Bisogna allora tener distinti due aspetti. Il primo – di cui qui non intendo occuparmi – è che il principio di uguaglianza impone che ogni differenza di trattamento che la legge intende introdurre sia giustificata, e giustificata sulla base delle differenze rilevanti che essa prende in considerazione. Non voglio, come detto, soffermarmi sul problema della “giustificazione” – per quanto certamente, anche rispetto ai problemi del green pass, esso sia essenziale (è “giustificato” trattare in modo diseguale i vaccinati e i non-vaccinati? E da cosa è giustificato?, etc.). Preferisco, qui, muovermi all’interno della problematica della “classe di persone”.

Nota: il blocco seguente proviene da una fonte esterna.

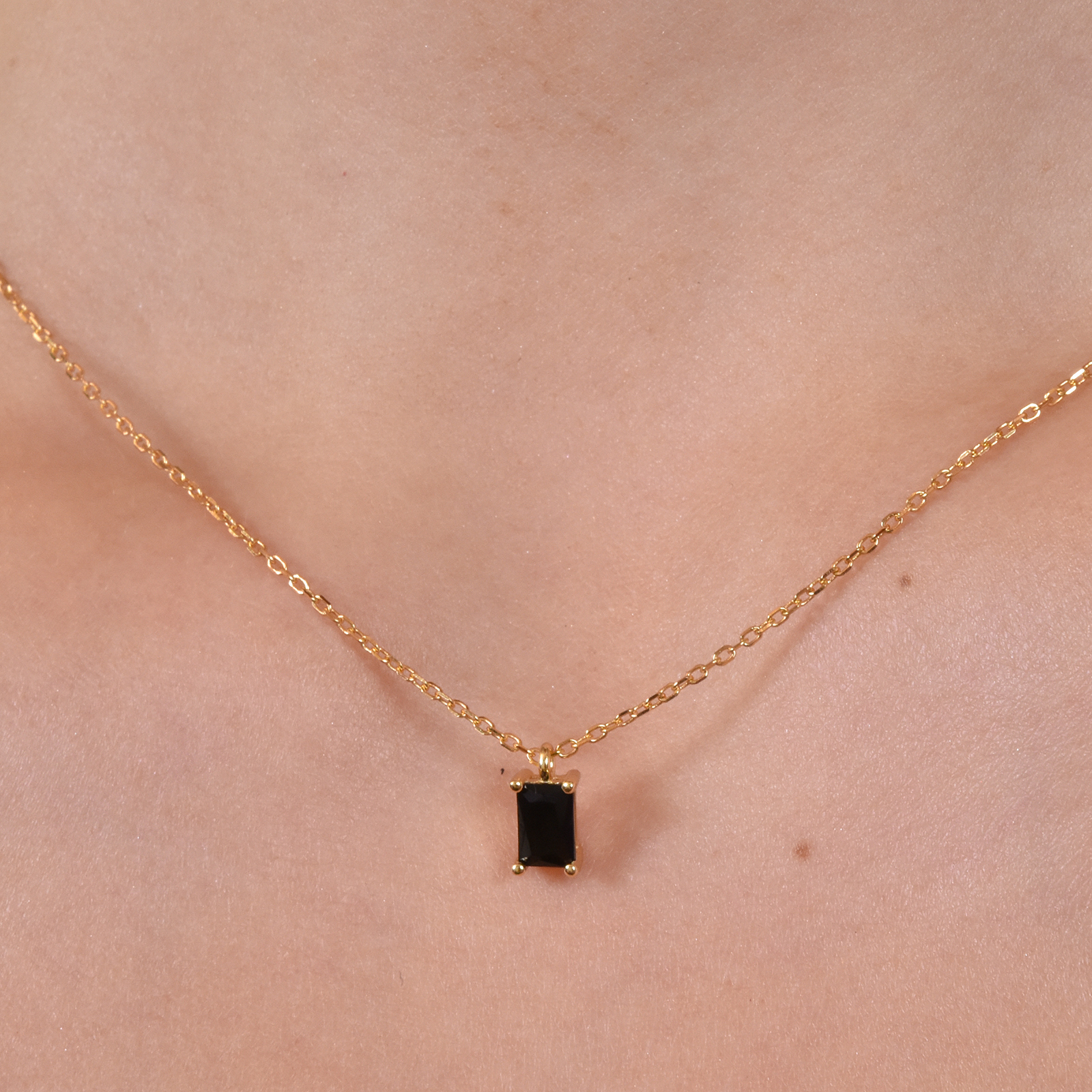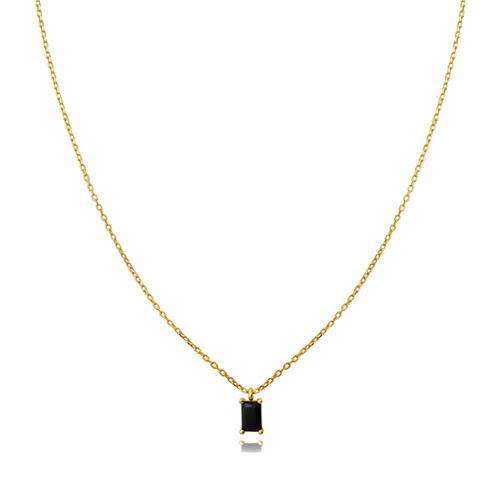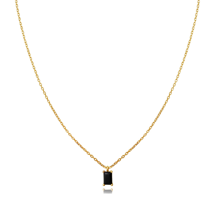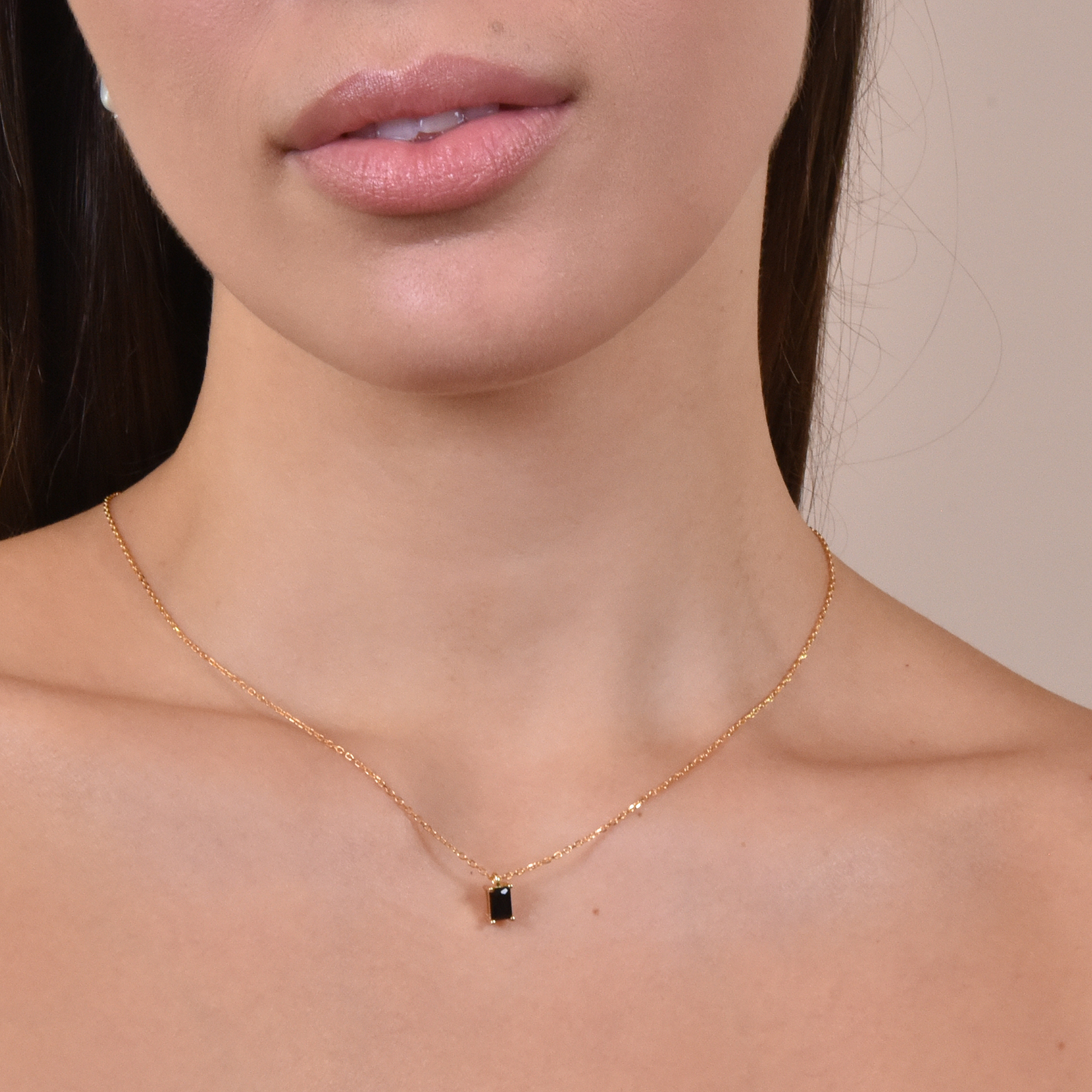 Simple, classy and timeless. Introducing Ezra Fine Black Zircon Pendant Necklace — a classic fine style neckpiece for your chic everyday styling. This piece features a 18K gold plated fine necklace made of solid sterling silver and a striking black zircon. It is versatile for styling and suits all personal styles. Hypoallergenic, nickel, cadmium and lead free.

Il secondo riguarda, invece, il punto che intendo trattare. Talora, infatti, la norma discrimina, cioè introduce differenze di trattamento, in base all’azione (meglio: alla classe di azioni) che essa vieta o permette (es: “vietato superare i 90 km/h di velocità”); talaltra, in base al soggetto (alla classe di soggetti) cui si rivolge (es: “tutti cittadini hanno diritto di voto” – che discrimina certamente tra i cittadini e i non cittadini). Le norme giuridiche spesso – e senza che ciò implichi particolari problemi – “discriminano”, stabiliscono differenze di trattamento tra “classi di azioni”. È, cioè, un certo tipo di azione che viene ritenuta, ad esempio, riprovevole o pericolosa, e pertanto vietata – con la conseguenza che essa non potrà essere compiuta, e che il soggetto, l’individuo che vorrebbe compierla se ne veda preclusa la possibilità. La norma, ad esempio, che vieta di gettare le cartacce dal finestrino punirà Tizio, diciamo, in base all’azione che compie, lo punirà per ciò che ha fatto, e non per ciò che egli è, per le sue “qualità” o “convinzioni” personali. Sarebbe assurdo affermare, cioè, che essa “discrimina” la categoria dei “gettatori di cartacce”.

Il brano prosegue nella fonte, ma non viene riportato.